The latest finding, from the Cosmic Background Explorer (COBE) satellite, "represents a really exciting era in the history of the universe," said Eli Dwek of Nasa. The results were presented yesterday to the American Astronomical Society in Washington.

The picture on the left, above, shows the total intensity of infrared light in every direction in the sky - a total of some two billion individual measurements. The middle picture shows it after subtracting the "local" effects of light scattered from debris in the Solar System. The right picture shows what's left after subtracting the glow of the Milky Way galaxy.

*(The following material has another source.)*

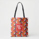 Um saco de totas tropicais de monograma em moda, este design apresenta toques bonitos e coloridos sobre um fundo vermelho. Há um quadrado vermelho transparente com a letra do monograma. Sturdy e Trendy, peça seu bolsa hoje! Padrão tropical criado por: AMBilustrações http://www.etsy.com/shop/AMBillustrations/
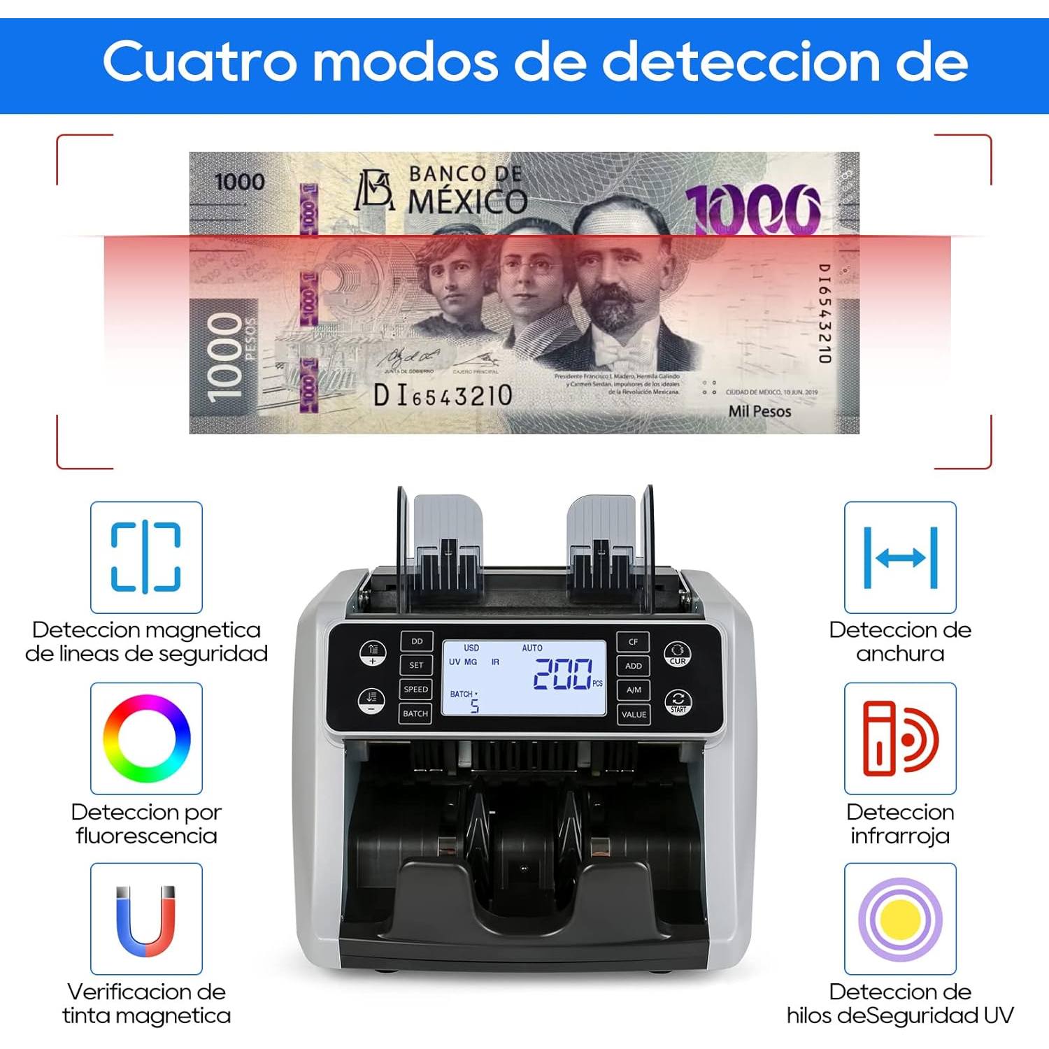 CONTADOR DE BILLETES CON DETECTOR DE BILLETES FALSOS, VELOCIDAD DE RECUENTO AJUSTABLE, HASTA 1200 HOJAS/MIN, CONTADORA DE BILLETES MULTIDIVISA PARA USO COMERCIAL

What is left appears as a nearly uniform background "glow" of infrared radiation. The researchers compared the task to listening for a quiet background hum in a noisy shopping mall.

Astronomers say the findings will help explain how the first stars and galaxies formed after the Big Bang, the colossal explosion which marked the beginning of the universe some 15 billion years ago. Though the initial Big Bang fireball was unimaginably bright, it eventually faded to black as the visible light gave way to invisible infrared rays.

The COBE result "is telling us about the first activity that occurred [in the early universe] - what I would call the end of the dark age," said Sir Martin Rees, a Cambridge astrophysicist and the current Astronomer Royal. "This is an important clue to when the first stars formed, and how many stars formed before the galaxies we observe were actually assembled.

Eli Dwek added: "For the first time, we've detected a significant fraction of all the light that was emitted by all the stars over the entire history of the universe."